Imagine starting a large number of bank accounts with different amounts of money. Start with the first digits of the bank balances evenly distributed. Now, keep the money in the bank and earn interest until the money exactly doubles. Every account that previously started with a digit 5 or higher will now start with 1. More than half of the accounts now have amounts starting with a 1. Over time, the distribution will gradually converge to Benford’s Law. Is there a secret to Benford’s Law? The scale invariance property is its crucial property, but there is an even easier way to understand it.

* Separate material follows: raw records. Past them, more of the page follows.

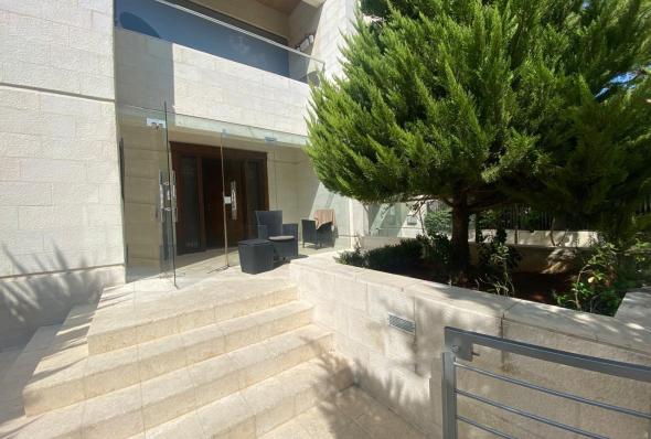 230 sqm furnished ground apartment Super deluxe finishing 3 bedrooms (1 master) 3 bathrooms Salon Living room Installed kitchen with all appliances Central cooling system Garage
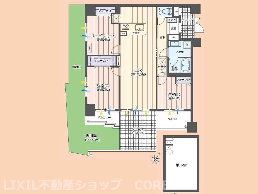 LDK 16.5帖 / 洋室 6.2帖 / 洋室 4.6帖 / S(納戸) 5.4帖 / |
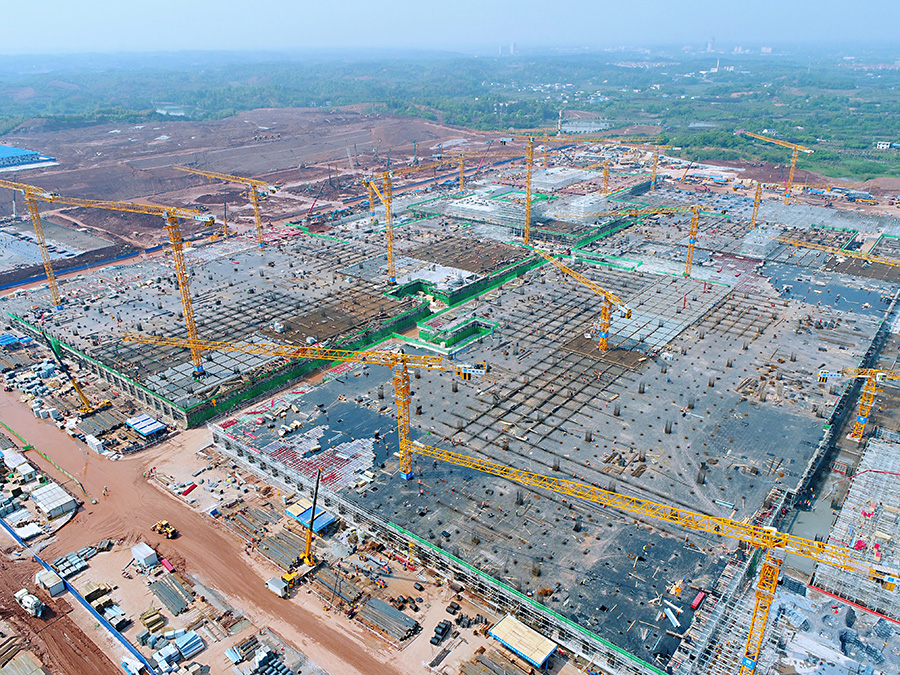 4月8日,瀏陽(yáng)經(jīng)開(kāi)區長(cháng)沙惠科第8.6代超高清新型顯示器件生產(chǎn)線(xiàn)項目主廠(chǎng)房建設工地一派繁忙。
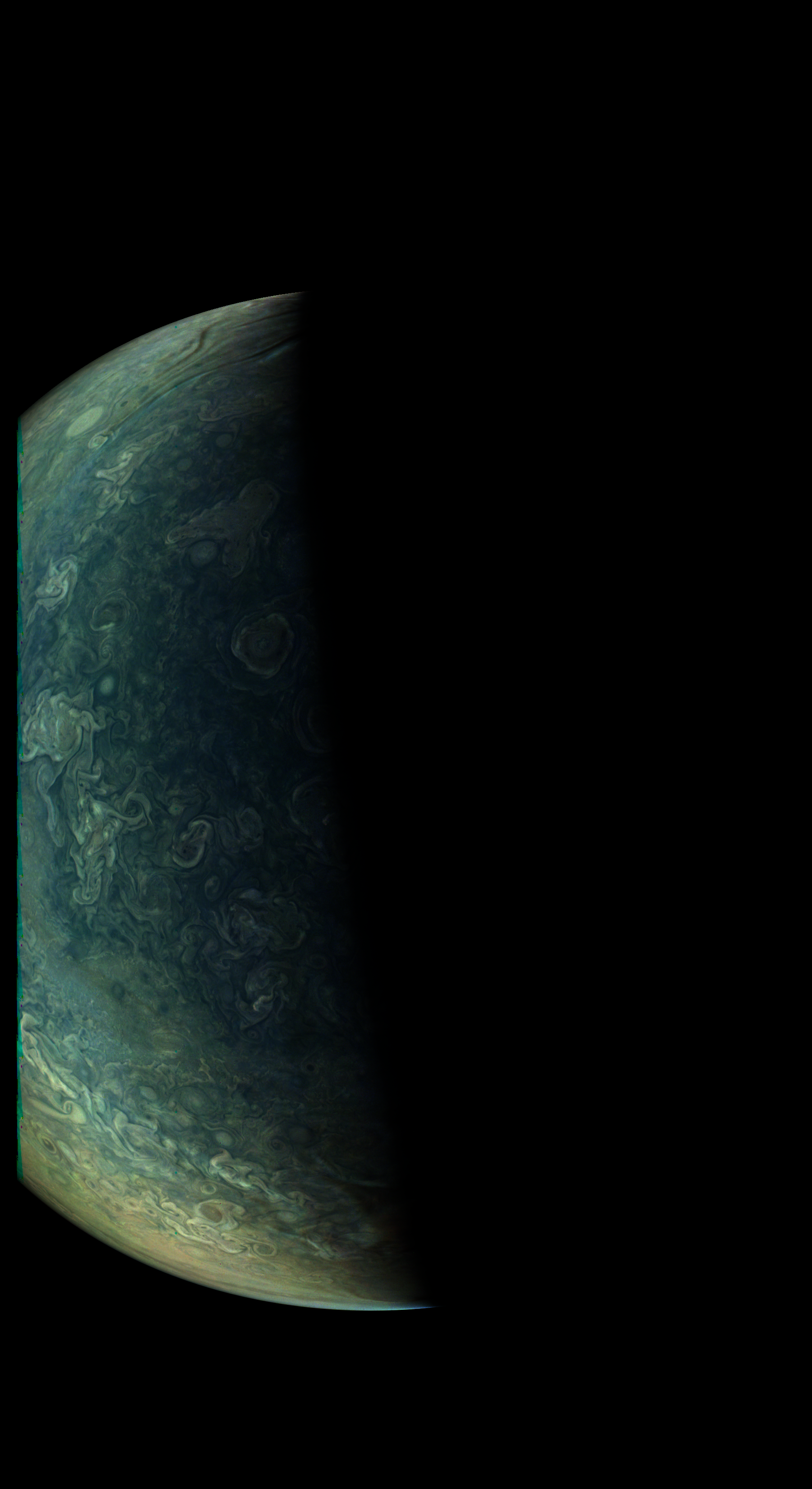 The image shows Jupiter roughly from the north. It's mostly illumination adjusted, then strongly enhanced by using the 4th power of radiometric data. Then some illumination effect is added again in order to recover the 3D appearence. The resolution of the image is similar to JunoCam's resolution.
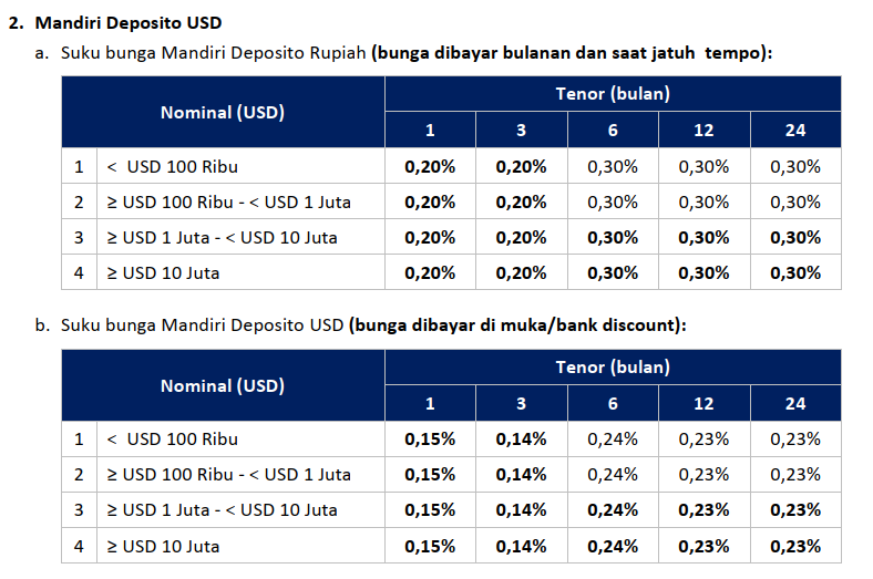 Tabel Besaran Bunga Deposito Mandiri Sesuai Isi Tabungan Gadaian Com 2021

If you take the logarithm of numbers whose distributions follow Benford’s Law, you’ll notice that now the first digits are equally representative of all numbers from 1 to 9. The uniform distribution was there after all, we just had to look in the right place!
There are many situations when Benford’s magic does not apply: for numbers that are systematically generated (like phone numbers), which have a constrained range (like race times for a 200 m sprint), which can be negative (like temperatures) or are designed with a specific distribution (like lottery numbers). For nearly everything else, the data are like moths to Benford’s flame!